We analytically compute, to linear order in the mass ratio, the “geodetic” spin-precession frequency of a small spinning body orbiting a large (nonspinning) body to the eight-and-a-half post-Newtonian order, thereby extending previous analytical knowledge which was limited to the third post-Newtonian level. These results are obtained applying analytical gravitational self-force theory to the first-derivative level generalization of Detweiler’s gauge-invariant redshift variable. We compare our analytic results with strong-field numerical data recently obtained by Dolan et al. [Phys. Rev. D 89, 064011 (2014)]. Our new, high-post-Newtonian-order results capture the strong-field features exhibited by the numerical data. We argue that the spin precession will diverge as $\approx -0.14/(1-3y)$ as the light ring is approached. We transcribe our kinematical spin-precession results into a corresponding improved analytic knowledge of one of the two (gauge-invariant) effective gyrogravitomagnetic ratios characterizing spin-orbit couplings within the effective-one-body formalism. We provide simple, accurate analytic fits both for spin precession and the effective gyrogravitomagnetic ratio. The latter fit predicts that the linear-in-mass-ratio correction to the gyrogravitomagnetic ratio changes sign before reaching the light ring. This strong-field prediction might be important for improving the analytic modeling of coalescing spinning binaries.

Figure 1

The quantity $\delta \psi$ either from numerical GSF or from PN theory is plotted as a function of $y\in [0,1/3[$. The boxes are the points taken from the numerical results of [24] while the dotted curve corresponds to the fit (5.11).
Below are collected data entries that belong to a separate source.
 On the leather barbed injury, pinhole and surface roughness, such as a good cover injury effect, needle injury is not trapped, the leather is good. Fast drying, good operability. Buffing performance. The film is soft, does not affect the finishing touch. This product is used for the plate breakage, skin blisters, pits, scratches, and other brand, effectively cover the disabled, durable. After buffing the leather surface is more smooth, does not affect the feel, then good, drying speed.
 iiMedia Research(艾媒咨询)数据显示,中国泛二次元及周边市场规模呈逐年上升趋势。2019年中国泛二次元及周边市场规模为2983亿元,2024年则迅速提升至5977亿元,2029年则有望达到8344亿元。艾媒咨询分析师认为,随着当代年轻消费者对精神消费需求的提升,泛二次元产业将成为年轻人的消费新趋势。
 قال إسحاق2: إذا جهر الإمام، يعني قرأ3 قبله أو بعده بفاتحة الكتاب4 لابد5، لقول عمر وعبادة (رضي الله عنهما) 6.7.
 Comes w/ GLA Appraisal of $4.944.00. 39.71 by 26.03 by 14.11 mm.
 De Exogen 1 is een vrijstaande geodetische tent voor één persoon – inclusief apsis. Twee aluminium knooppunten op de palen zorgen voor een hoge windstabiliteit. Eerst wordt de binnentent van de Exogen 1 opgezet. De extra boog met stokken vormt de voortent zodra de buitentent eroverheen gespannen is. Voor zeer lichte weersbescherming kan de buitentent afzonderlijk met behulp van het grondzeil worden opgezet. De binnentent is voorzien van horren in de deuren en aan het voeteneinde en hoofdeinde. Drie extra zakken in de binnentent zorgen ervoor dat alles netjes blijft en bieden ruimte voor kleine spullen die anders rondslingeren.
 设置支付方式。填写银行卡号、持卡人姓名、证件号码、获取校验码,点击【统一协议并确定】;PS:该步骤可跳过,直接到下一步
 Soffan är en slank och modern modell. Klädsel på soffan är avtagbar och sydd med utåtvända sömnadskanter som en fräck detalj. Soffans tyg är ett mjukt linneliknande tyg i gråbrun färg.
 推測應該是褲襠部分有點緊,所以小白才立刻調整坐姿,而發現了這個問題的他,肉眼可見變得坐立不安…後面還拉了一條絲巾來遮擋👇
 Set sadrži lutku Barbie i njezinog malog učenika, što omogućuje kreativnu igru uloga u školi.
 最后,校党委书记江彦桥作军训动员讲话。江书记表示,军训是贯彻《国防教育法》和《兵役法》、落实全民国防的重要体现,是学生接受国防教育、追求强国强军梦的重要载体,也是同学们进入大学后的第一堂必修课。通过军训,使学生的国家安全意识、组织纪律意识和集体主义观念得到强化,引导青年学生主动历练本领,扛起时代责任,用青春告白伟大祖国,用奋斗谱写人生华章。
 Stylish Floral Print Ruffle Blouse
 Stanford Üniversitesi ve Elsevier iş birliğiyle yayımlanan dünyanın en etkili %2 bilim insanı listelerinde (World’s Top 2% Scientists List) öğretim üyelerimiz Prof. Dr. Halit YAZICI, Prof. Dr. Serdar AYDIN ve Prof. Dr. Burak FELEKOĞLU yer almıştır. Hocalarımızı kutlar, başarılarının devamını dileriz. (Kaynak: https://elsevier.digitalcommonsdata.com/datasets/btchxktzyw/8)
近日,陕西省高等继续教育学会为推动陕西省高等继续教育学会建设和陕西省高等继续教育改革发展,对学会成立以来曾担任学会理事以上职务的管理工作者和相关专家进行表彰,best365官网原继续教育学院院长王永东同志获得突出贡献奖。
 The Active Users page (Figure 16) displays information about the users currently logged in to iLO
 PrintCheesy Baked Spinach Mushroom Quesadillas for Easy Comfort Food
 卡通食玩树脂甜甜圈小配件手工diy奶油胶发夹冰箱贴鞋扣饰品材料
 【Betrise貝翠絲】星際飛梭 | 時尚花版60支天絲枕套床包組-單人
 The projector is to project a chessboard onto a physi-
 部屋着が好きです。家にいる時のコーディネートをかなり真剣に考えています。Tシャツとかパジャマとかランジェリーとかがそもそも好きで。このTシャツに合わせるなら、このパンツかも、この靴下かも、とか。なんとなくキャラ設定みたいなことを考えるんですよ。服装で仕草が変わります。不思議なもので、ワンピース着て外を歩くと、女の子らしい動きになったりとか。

The other curves are the PN approximants of order $2\le n\le 8.5$. The curves are distinguishable from their values when $y\ge 0.2$ where they are ordered from top to bottom as follows: 2PN, 3PN, 4PN, 6PN, 5PN, 6.5PN, 7PN, 7.5PN, 8.5PN, 8PN.

Figure 2

The quantity $g_{S_{*}}^{1\mathrm{SF}}$ either exacted from numerical GSF or approximated by using the data fits is plotted as a function of $u\in [0,1/3]$. The used data fits are obtained from our model (5.11) for $\delta \psi$, and from model $\#14$ of Ref. [19] for $a_{1\mathrm{SF}}(y)$.

Figure 3

The full function $g_{S_{*}}^{\text{eff},\text{circ}}(u;\nu )$ is plotted as a function of $u$, for selected values of $\nu =[0,0.05,0.1,0.15,0.2,0.25]$.